Now smartphones are offering technology that could present a new frontier for food safety. Both iPhones and Google Phones have barcode scanning applications, which allow consumers to look up product information right in the store. UseUPC Code.jpgrs can instantly pull up nutrition facts, compare prices, and make grocery lists.

Now, imagine if you could scan your ground beef to make sure it was not tainted with E. coli.

Sound like science fiction? It’s not. We are actually behind the curve on this. Japan has utilized phone-scanning technology as a food safety tool for years–QR tag (Japanese barcode) scanners are a standard cell phone function in Japan. After a Mad Cow outbreak in 2001, Japan’s Food Safety Commission started tagging more foods with QR tags so that consumers could have better information when making food choices.

According to Wireless Watch Japan (2005), Japanese consumers can find out all sorts of information from their cell phone scanners. “The code links to a mobile website detailing origin, soil composition, organic fertilizer content percentage (as opposed to chemical), use of pesticides and herbicides and even the name of the farm it was grown on.”

If Japan can do all this though barcode applications, it is certainly possible for the U.S. to integrate recall information and other food warnings from the FDA and USDA into such a system.

Katie Filion of Barfblog, a blog that offers “musings about food safety and all things that make you barf,” also sees the potential food safety use of scanning applications. “During the peanut butter recall, instead of scanning the FDA list of recalled peanut products, what if consumers could have snapped a picture using a cell phone and receive up to date information on whether a certain granola bar was recalled?”

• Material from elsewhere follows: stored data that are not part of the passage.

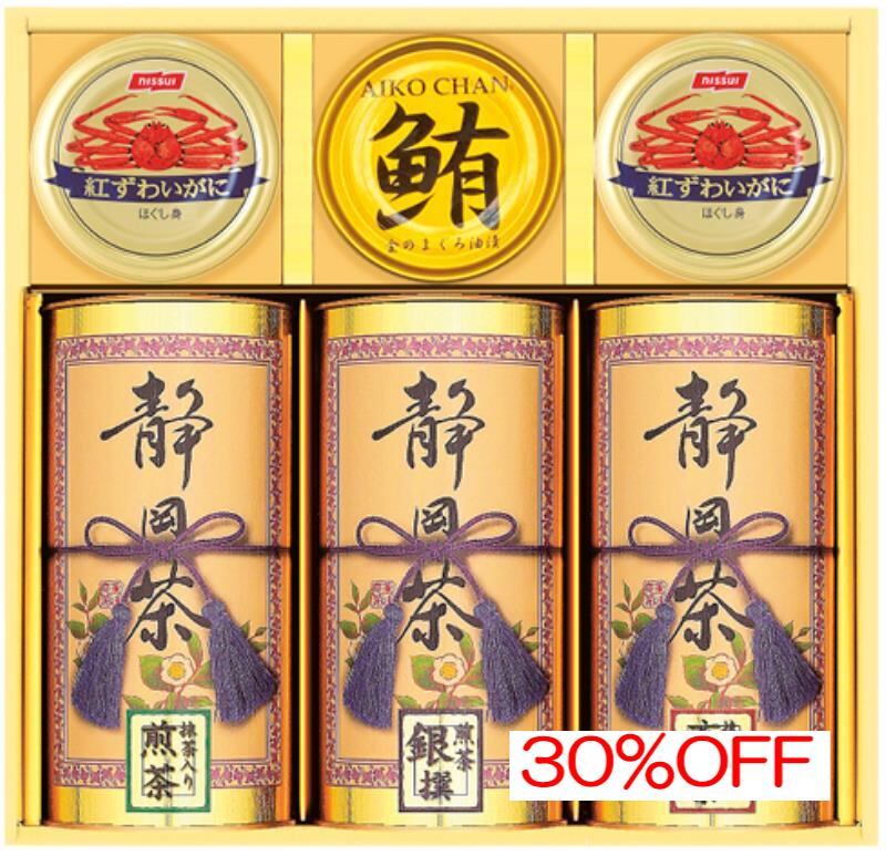 商品内容:内容/煎茶(銀撰):80g×1・抹茶入り煎茶:80g×1・抹茶入り玄米茶:80g×1・紅ずわいがにほぐし身:55g×2・鮪油漬フレーク:70g×1《かに》
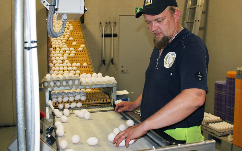 Äggen kommer till packeriet via ett transportband som löper genom hönshusets mittgång. Här gör Tobias Dahlblom en grov sortering och tar bort smutsiga och spruckna ägg.
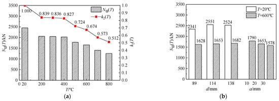 Figure 8b reflects the influence of steel tube diameter (d) on the ultimate bearing capacity of the specimens. It can be seen that under both ambient temperature and high temperature (T = 600 °C), the ultimate bearing capacity increased with the increase in steel tube diameter. Compared with specimens with d = 89 mm, the ultimate bearing capacity of the specimens with d = 114 mm and 138 mm increased by 4.68% and 7.82%, respectively at ambient temperature, while it rose by 1.54% and 3.32%, respectively, under exposure to high temperature (T = 600 °C).
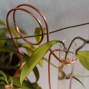 Each side car comes with a copper stake "side car" to put in the plant and a 45 ml glass test tube. Although copper will not rust, it will tarnish over time and change color. While Copper and Needle aims to make every product look identical, due to the handmade nature of this product, the color, shape, and size may vary slightly.
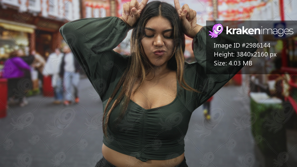 Woman showing cleavage in green top with hands raised making horns gesture in street market filled with stalls and lanterns; playful confidence.
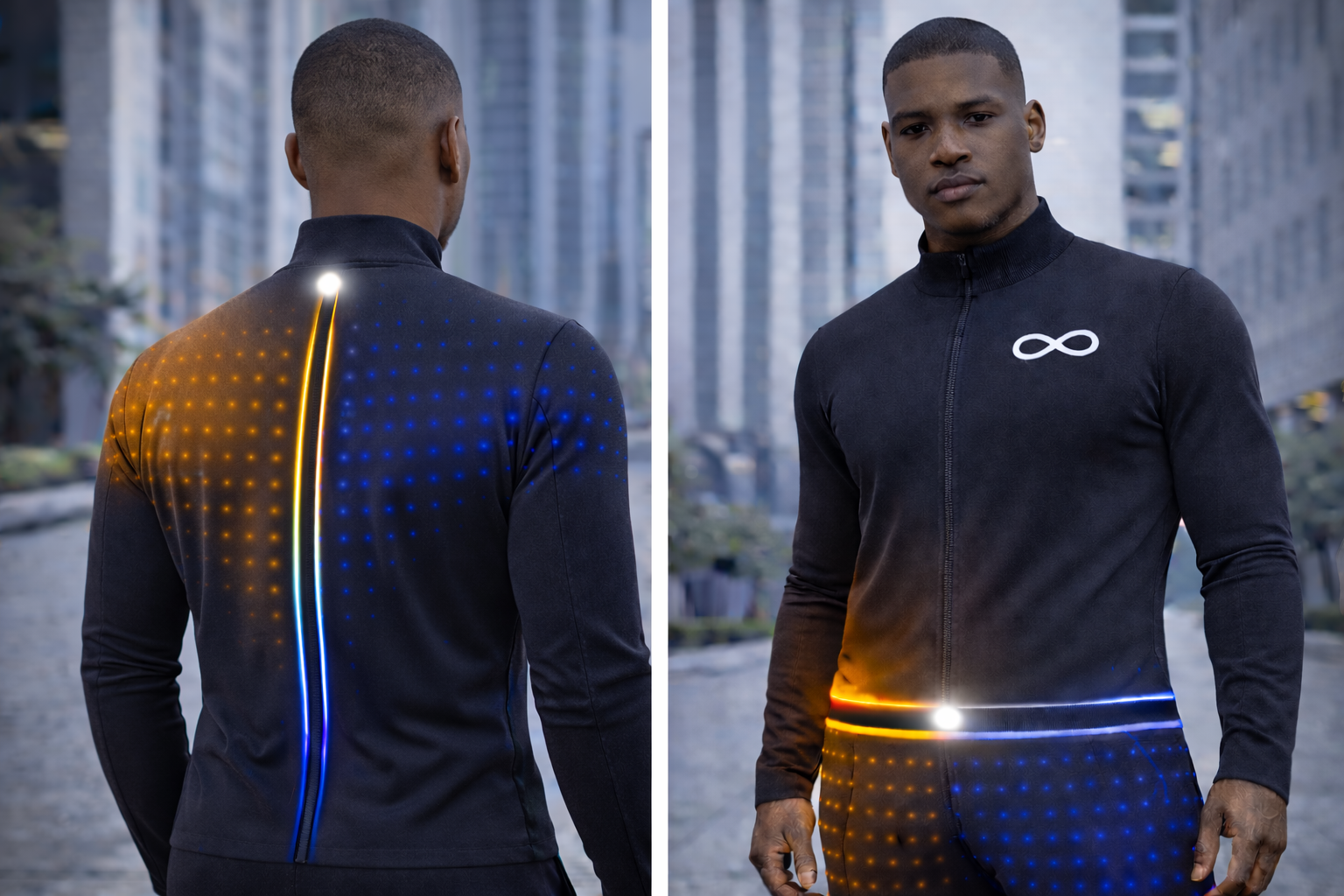The EXO is generated in levels, the greater of which encompasses the level below. The Innermost Level of the EXO is composed of the Functionality Strip and the parallel lattice of heating / cooling bands that extend from it. Encompassing the Innermost Level is the Middle Level, which uses Temperature Sensors to send the current temperature of the EXO to the Smart Receptor for communication to the user interface of the Smart Projector. The Middle Level also serves to protect the Innermost Level of electrical components from exposure to the elements, providing complete waterproofing and a degree of durable impenetrability while still allowing the permeation of heat. The Outer Level encompasses both the Middle and Innermost Levels, promoting the flow of heating or cooling to the side closest to the body while insulating the generated temperature from external conditions. The Outer layer of course displays the stylistic fashion of the EXO that makes it attractive to the market. While the prior levels are largely uniform in all initial product models, the Outer Level will provide the qualitative differentiations that distinguish the range of developed models. Each Level will be formed as thin and malleable as possible to allow for the greatest freedom of movement for our users.
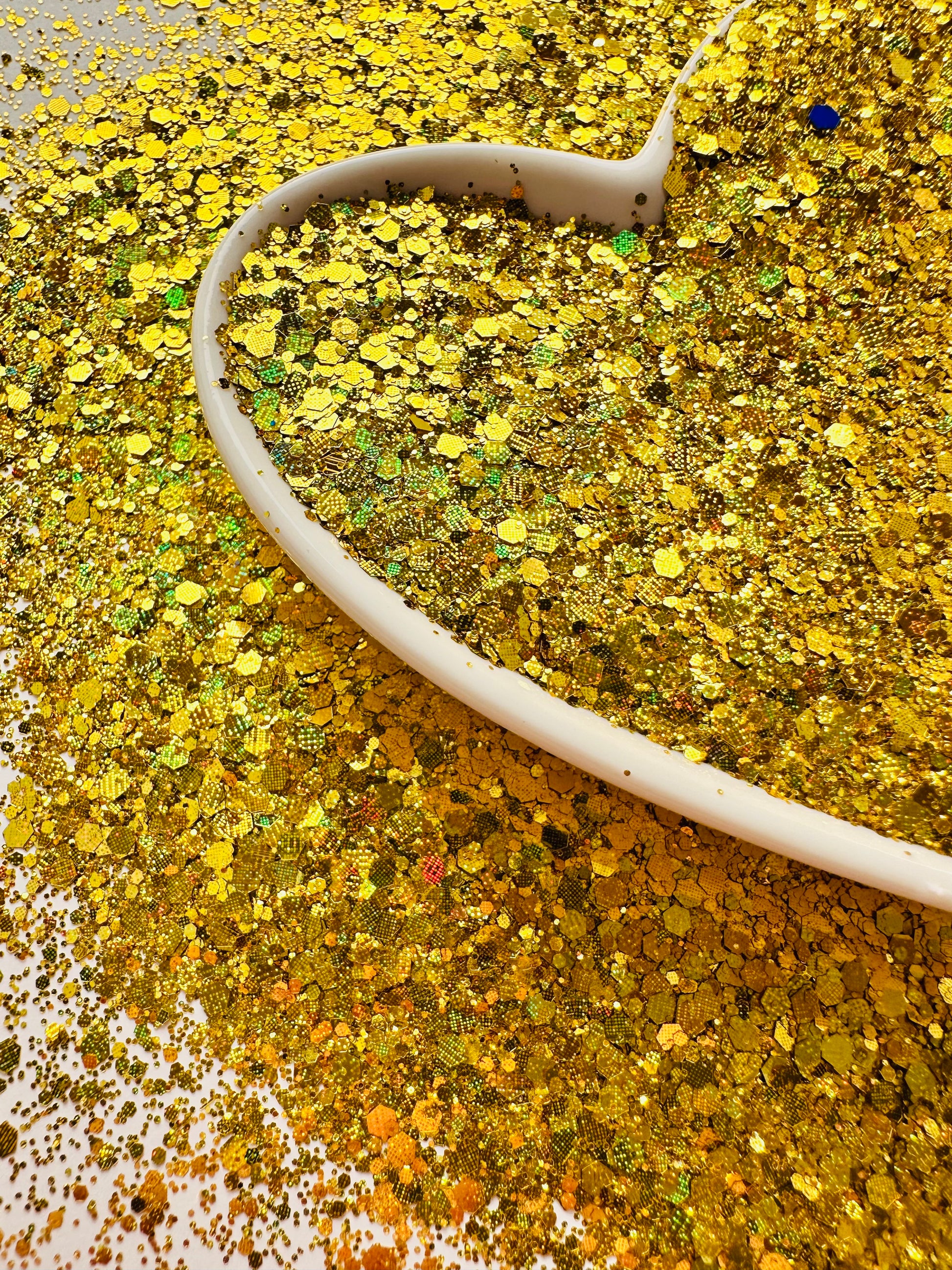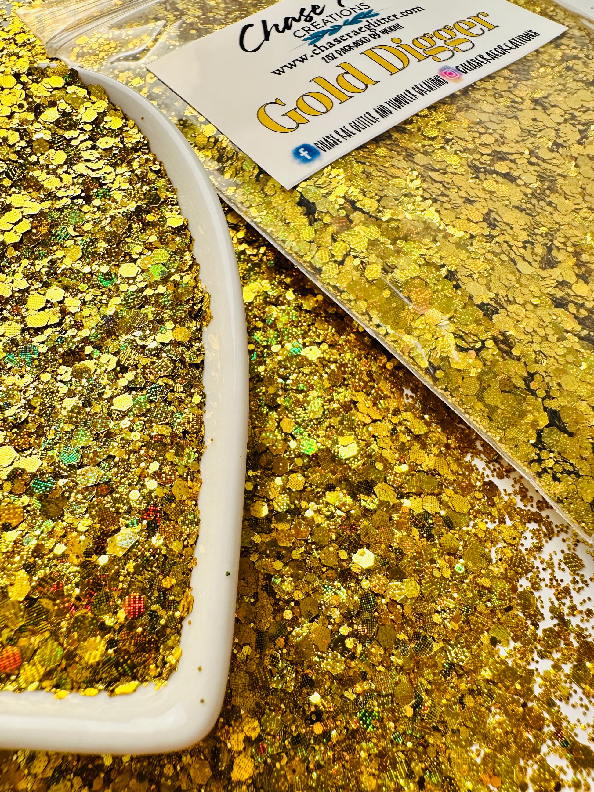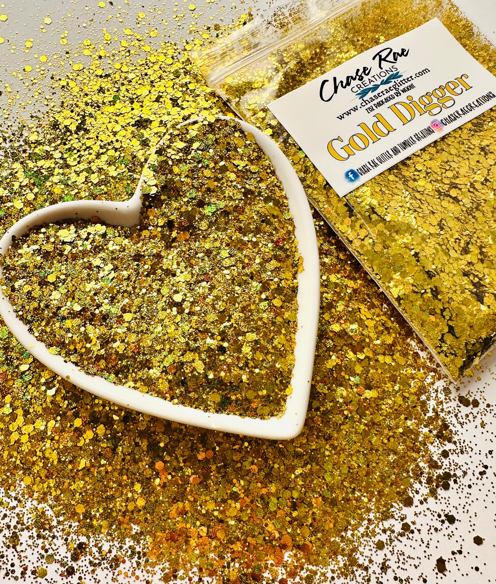 Gold Digger is a holographic chunky mix. Warm gold in color. Notice how each piece looks to be texturized! Yet extremely soft and lightweight.
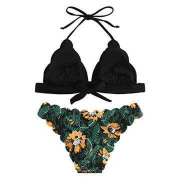 SweatyRocks Women's Sexy Bathing Suits Scallop Halter Bikini Top Floral Print Two Piece Swimsuits Black Floral Large
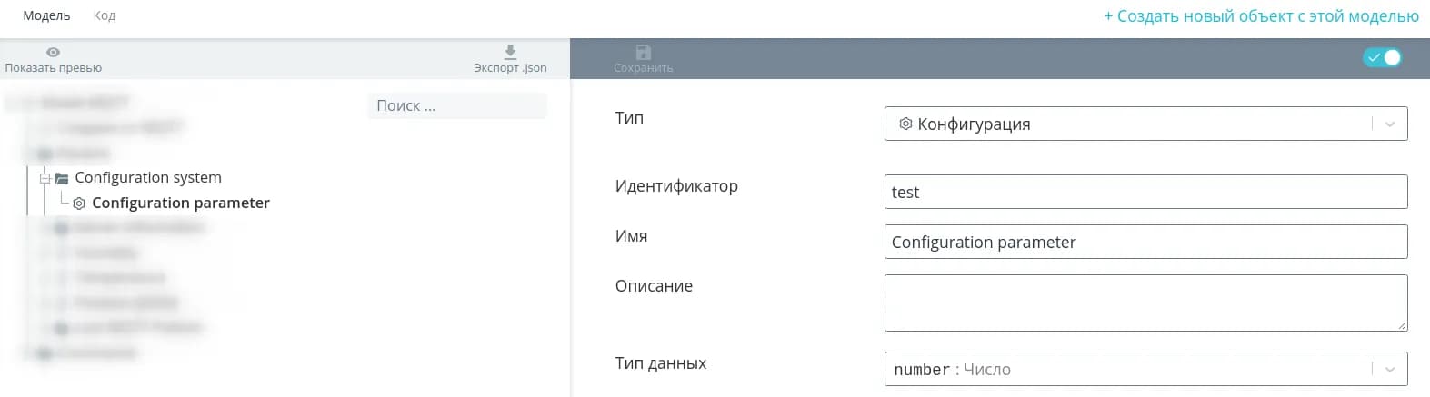 Если в модели присутствуют узлы с типом Конфигурация, то в дополнительных разделах также будут подсистемы со всеми конфигурационными параметрами для заполнения.
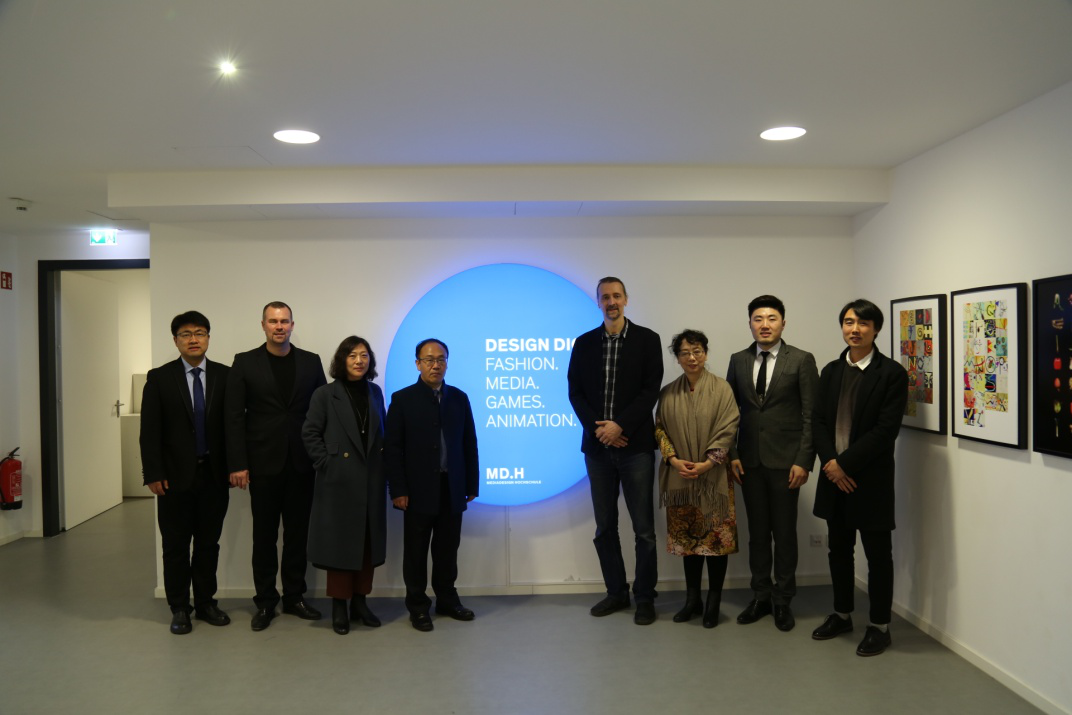 3月27日,代表团一行首先访问了柏林媒体设计学院。 柏林媒体设计学院设有柏林、慕尼黑和杜塞尔多夫三个校区,是一所以媒体设计为主要专业方向的高等专业学院,本科类专业有:数字电影设计、动画、视觉特效、游戏设计、媒体设计(国内称视觉传达设计)、服装设计、媒体管理;硕士研究生专业有:媒体管理、艺术管理以及游戏设计等。这些专业的授课模式分为全日制和在职培训两种。此外,柏林媒体设计学院还提供其它的培训课程,这些课程以形象设计、声音媒体设计以及数字和印刷媒体设计为主。2016年两校签署合作协议,建立了友好院校关系。

“Using the latest technology to communicate food safety and recall information can benefit everyone. It allows consumers to instantly receive information they desire, and in the recall example, could allow grocery stores to be certain they have pulled recalled products from the store shelves,” added Filion in a blog post last spring.

As more Americans upgrade to smartphones and we continue to deal with multistate foodborne illness outbreaks, smartphone technology could very well be a critical tool for disseminating food safety information to consumers.